"Frozen River" is truly independent cinema. Grainy photography, a shoestring budget, no concessions to the Hollywood show.
The debut film of director Courtney Hunt, "Frozen River" is the big screen portrayal of an everyday story. We are in the USA of poverty, in the frontier zones. The regions of flannel shirts and jeans worn beyond their limits. Of cold and resignation, dirt and hunger, crime, and lost humanity. Ray, played by a monumental Melissa Leo, has been left penniless by her husband. She lives in a trailer with her two children, struggling to put something on the table that's more than popcorn for lunch. Then she discovers a business: transporting across the St. Lawrence River, the border between Canada and the USA, immigrants who want to illegally enter American soil. The region of the Mohawk natives aids this trade. It's the only way for her and Lila (Misty Upham) to make some money and at least try to provide a future for their children.
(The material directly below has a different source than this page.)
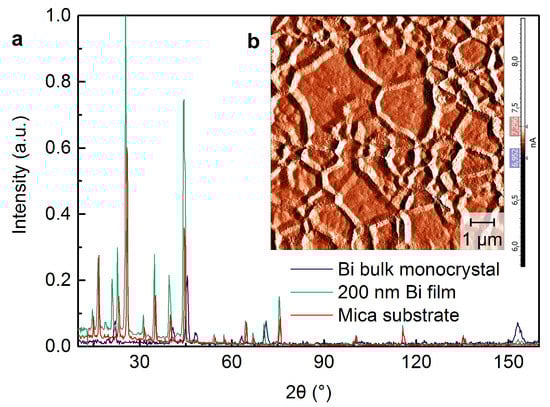 (a) X-ray diffraction (XRD) patterns for Bi(111) bulk monocrystal, 200 nm Bi film, and mica substrate. The bifurcated peak at 153° indicates the (111) film plane crystallographic orientation. (b) Atomic force microscopy (AFM) image of a 200 nm Bi film surface.

A film released almost 10 years ago that encapsulates all the desperation of the United States as it headed toward the abyss of an economic crisis. While it's true that Ray is abandoned by her husband, job opportunities also seem lacking to maintain a minimally dignified level of life. The director doesn't succumb to rhetoric, doesn't aim to soften the audience, and avoids the typical sappiness that distorts films of this kind. She remains firmly anchored to reality, creating a true frontier film/documentary, that appears as real as the daily life of the story told. Hunt follows the characters closely with the camera, avoiding static shots, in order to create a mood that almost seems to stylistically underline the precariousness of the characters' lives. Life is precarious, economic conditions are precarious, crossing a frozen river and dealing with the Chinese mafia is precarious. The two women are heroines of a broken world, struggling not to lose what little humanity remains.
Such little cinematic jewels that do not submit to a market that, after having destroyed independent and genre cinema, has achieved its primary aim: to produce only blockbusters and bring everyone back in front of the TV with the proliferation of TV series, are increasingly rare. In this scenario, "Frozen River" is a small yet great gem of old-school cinema, visually ungraceful and tremendously real. No artificiality, but real and everyday drama for those confined to the margins.